Still, though L.A. has been dubbed the Doughnut Capital of America, not every corner doughnut shop carries these and other non-traditional creations, so we've hunted down the best spots for unique high-end doughnuts: everything from green tea and orange pistachio to Fruity Pebbles and Irish car bomb. Oh yeah, we also caught a bite of the cronut along the way.

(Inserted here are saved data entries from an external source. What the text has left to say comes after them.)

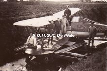 Foto 8.5 x 6. Een Gloster Gladiator, jachtvliegtuig van het "La Comète" smaldeel van de Belgische Luchtmacht, na een kraaklanding in het Provincie Geleed.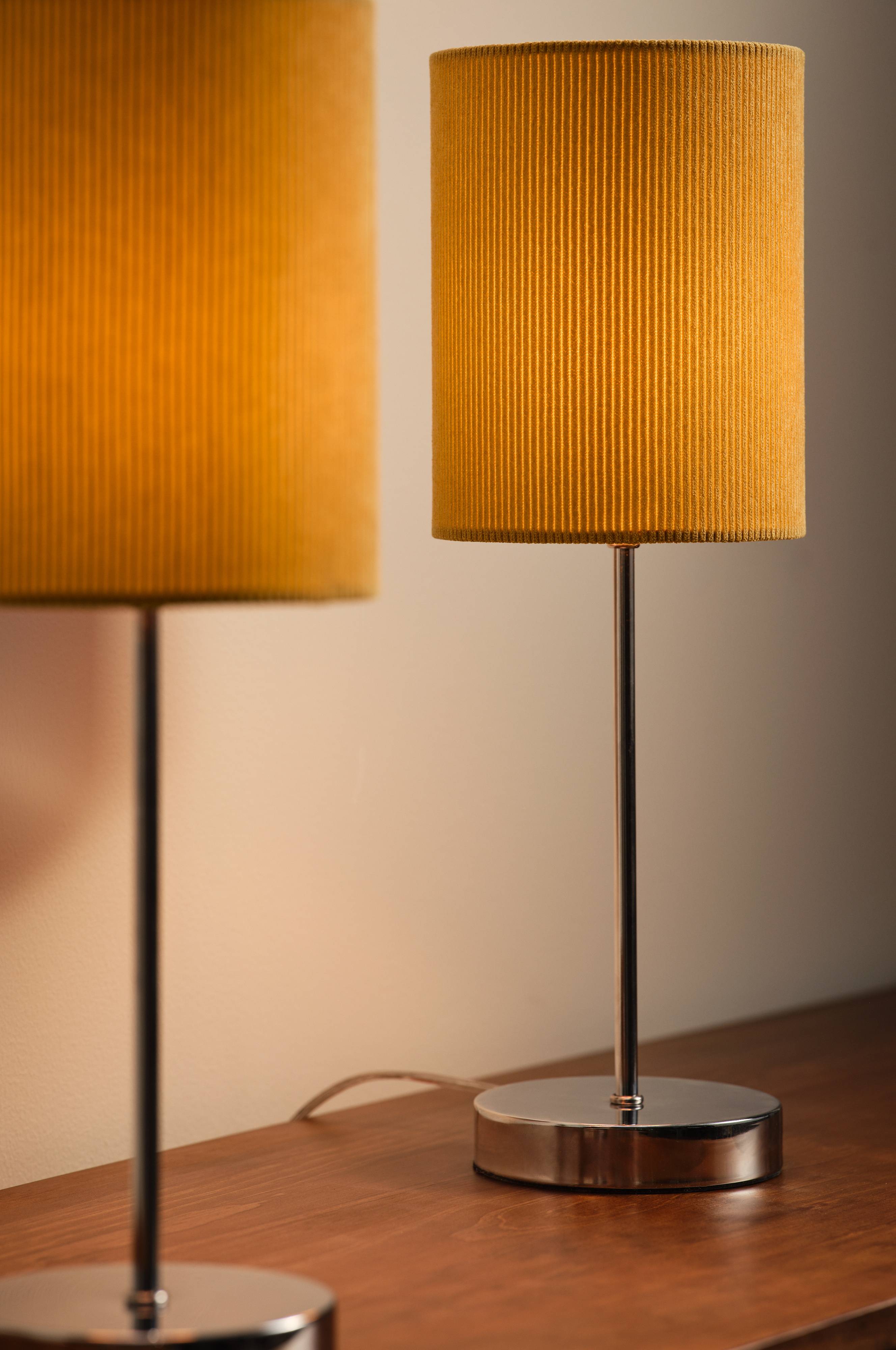 SETH-bordlampen skaber retrostemning i ethvert rum med sin slanke kromfod og markante lampeskærm i fløjl. Disse bordlamper sælges i en pakke med to stk. og er perfekte til at give din indretning et strejf af nostalgi. SETH-lamperne er ideelle til natborde eller stuen og tilbyder både stil og komfort i et kompakt design, der nemt forbedrer dit hjems æstetik.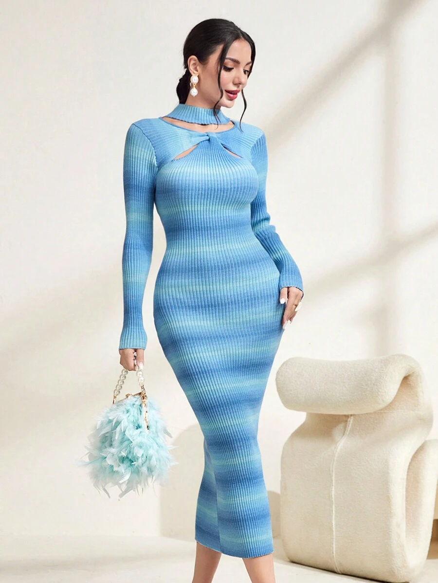 SHEIN Mulvari Striped Pattern Twist Front Bodycon Sweater Dress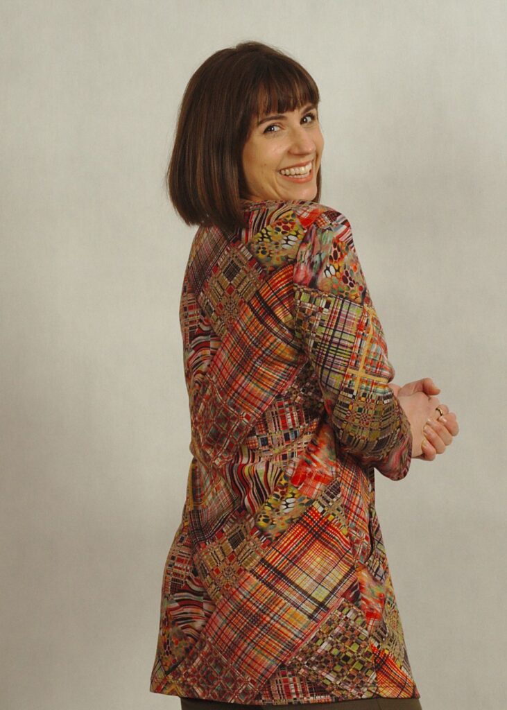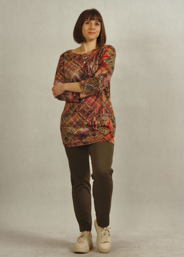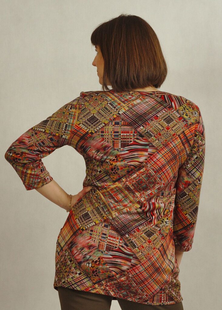 Tunika z dzianiny w kolorystyce czerwonej z delikatnym patchworkiem.

Fōnuts is everything one would expect from a Los Angeles artisan doughnut shop, from its happening location on 3rd, to its modern and upscale interior, to their large gluten-free and vegan menu. But, and this could be a contentious matter, their doughnuts are not fried. We do realize that by definition a doughnut is fried, but hey, this is L.A. and it's 2013 and there's room for expansion. Their strawberry buttermilk and and blueberry Earl Grey cake doughnuts, filled with fresh berries and glazed with an icing of restrained saccharinity, defy physics with a rich but airy texture -- unctuous and palatable in the same bite. Though the berry doughnuts are the stand-outs, honorable mentions include fresh rosemary and olive oil and chocolate hazelnut. And, given the unconventionality of the shop, it's not a surprise that the brainchild behind the concept is Waylynn Lucas, former executive pastry chef at The Bazaar. 8104 W 3rd St., Los Angeles; 323-592-3075.
The Nickel has become a real hot spot in the downtown hipster movement, but it's worthy of any Angeleno, transplant or tourist, high and low and of any age. They've been frying off a unique selection of doughnuts since 2008, long before most of the other shops on this list. Here you'll find an Irish car bomb doughnut sandwich with whiskey custard (and it is a bomb, the thing is double the size of an average doughnut), a standard raised doughnut smothered in Nutella and rolled in chopped hazelnuts, and a red velvet sandwich filled with whipped cream and chocolate chips. All of these doughnuts are made from brioche dough, except the red velvet, which gives them a texture heartier than the average yeast raised. They aren't dinky, so don't finish off those steak and eggs if you want to really savor them. 524 S Main St., Los Angeles; 213-623-8301.